Cervantes frente a la cultura simbólica de su tiempo: el testimonio de las Novelas ejemplares, nueva publicación de Julia D’Onofrio

En la España del Siglo de Oro, el mundo podía ser leído como un libro que daba señales de su autor; la naturaleza brindaba elementos suficientes para una interpretación profunda y espiritual. Para este modo de comprensión de la realidad, las imágenes constituían vehículos privilegiados de difusión de sentidos trascendentes que podían encontrarse solapados en la conducta de los animales, las características de ciertos minerales, las virtudes de las plantas, las historias antiguas y una inagotable variedad de prodigios. Frente al encanto de semejante visión del mundo, cabe señalar que en esta España contrarreformista los discursos simbólicos servían también como modo privilegiado de manipular al público para transmitir una ejemplaridad ortodoxa y conformista. En este libro se propone una lectura de la forma en que Miguel de Cervantes dialoga con las prácticas simbólicas de su sociedad con las que mantenía una relación conflictiva, cuestión que aquí se pone de relieve al analizar las problemáticas planteadas en su colección de Novelas ejemplares. Desde su arquitectura, su organización y la propuesta –manifiesta desde el prólogo y el título– de la ejemplaridad, el texto cervantino sugiere una respuesta original y disruptiva ante los discursos imperantes de su época al tiempo que muestra nuevos caminos para la lectura y la ficción. [Fuente: Editorial Eudeba]
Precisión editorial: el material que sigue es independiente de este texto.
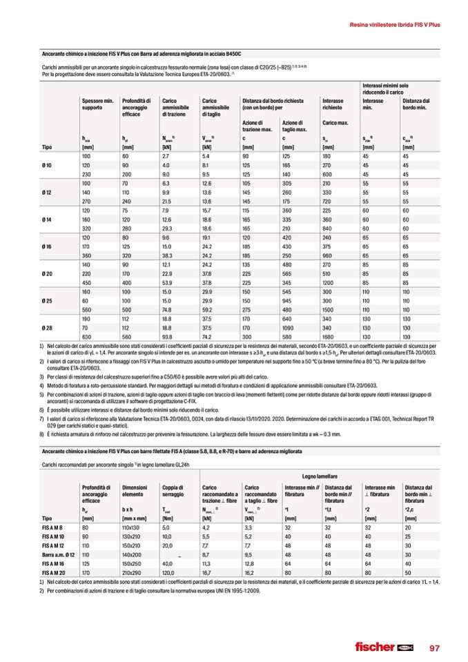 2) IvaloridicaricosiriferisconoafissaggiconFISVPlusincalcestruzzoasciuttooumidopertemperaturenelsupportofinoa50°C(abreveterminefinoa80°C).Perlapuliziadelforo
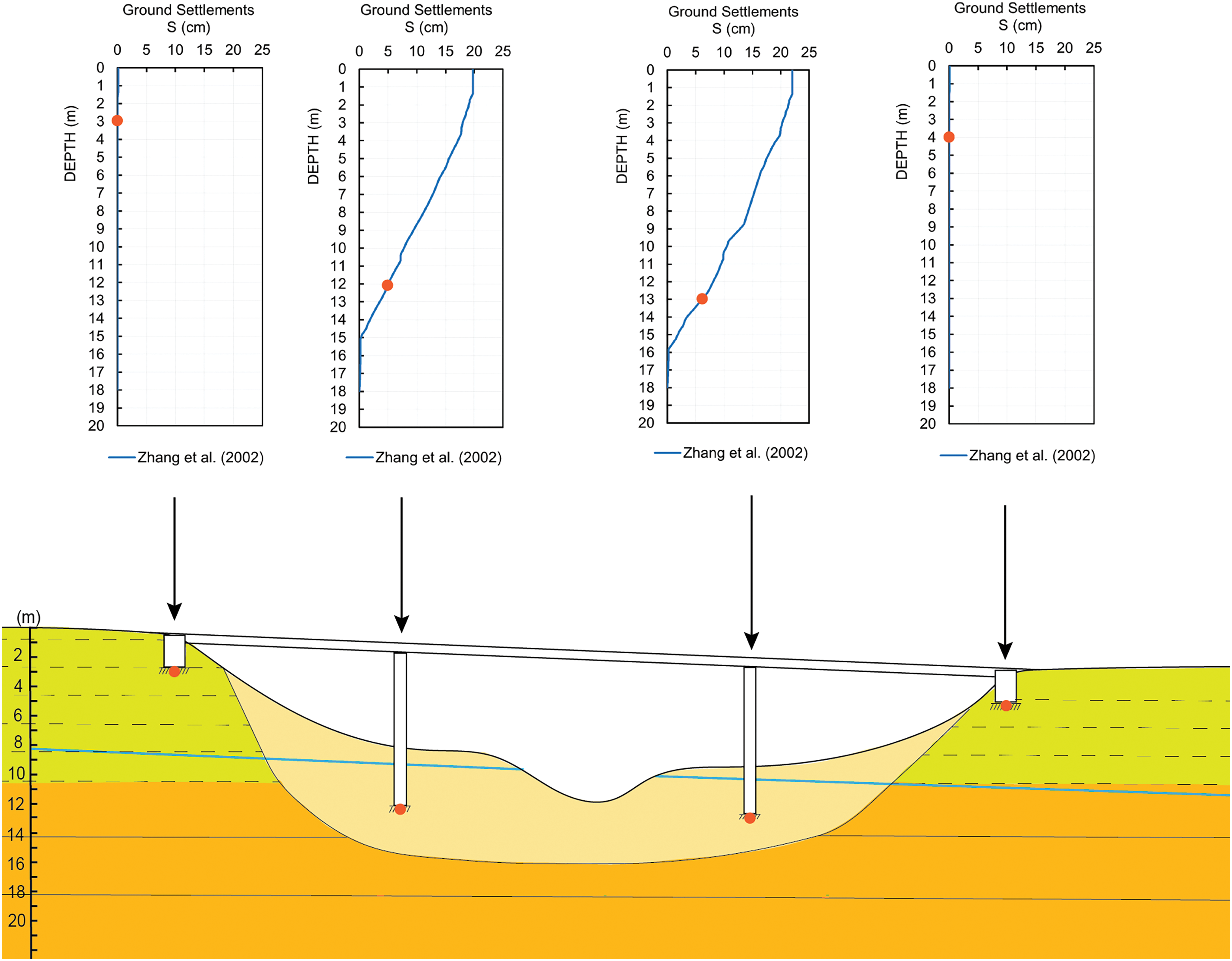 Figure 5. Sketch of a bridge crossing a valley filled by alluvial soils, showing typical results of liquefaction analyses in terms of permanent settlements at foundation levels. Yellow and orange polygons represent stratified consolidated deposits, while light yellow depicts loose deposits. The cumulative ground settlements according to Zhang et al.29 are plotted; orange circles depict the foundations level; the blue line represents the ground water table

Julia D’Onofrio es doctora en Letras por la Universidad de Buenos Aires e investigadora adjunta del Consejo Nacional de Investigaciones Científicas y Técnicas (Conicet), con sede de trabajo en el Instituto de Filología y Literaturas Hispánicas “Dr. Amado Alonso” de la Universidad de Buenos Aires. Se dedica a la literatura del Siglo de Oro español con especial interés en la emblemática y demás discursos simbólicos del periodo; su tesis de doctorado estuvo dedicada a las Novelas ejemplares de cervantes, autor sobre el que se centran sus trabajos. Es Jefa de Trabajos Prácticos en la cátedra de Literatura Española II (Siglo de Oro) en la Facultad de Filosofía y Letras de la UBA.

Autor: Francisco Cuevas Cervera
Profesor de Literatura Española en el Departamento de Literatura de la Universidad de Chile

Roberto Páez, ilustrador del Quijote

En 1965, la Editorial Universitaria de Buenos Aires (EUDEBA) decide comenzar una nueva colección “Biblioteca Básica de la Lengua Española”, cuyo primer número será el Quijote, según una nueva edición fijada por los profesores Celina S. de Cortázar e Isaías Lerner, y con un estudio introductorio de Marcos A Morínigo. A la hora de elegir al ilustrador de la obra, se convocó un concurso internacional, en el que participaron 210 artistas. El jurado eligió por unanimidad la obra del ilustrador argentino Roberto J. Páez. Dada la calidad de muchos de los trabajos presentados, se animó a la editorial a publicar un álbum con una selección de los 13 finalistas: Roberto J. Páez, Guido Bruveris, Héctor Alberto Capurro, Alberto Cedrón, Julio Castro de la Gándara, Minoru Ikeda, Takashi Naraha, Atuyoshi Sugimura, Tadeusz Michaluk, Janusz Stanny, Janina Wegrzynowska, Janusz Wiktorowski y Josef Wilkon, que vio la luz en Buenos Aires en 1966.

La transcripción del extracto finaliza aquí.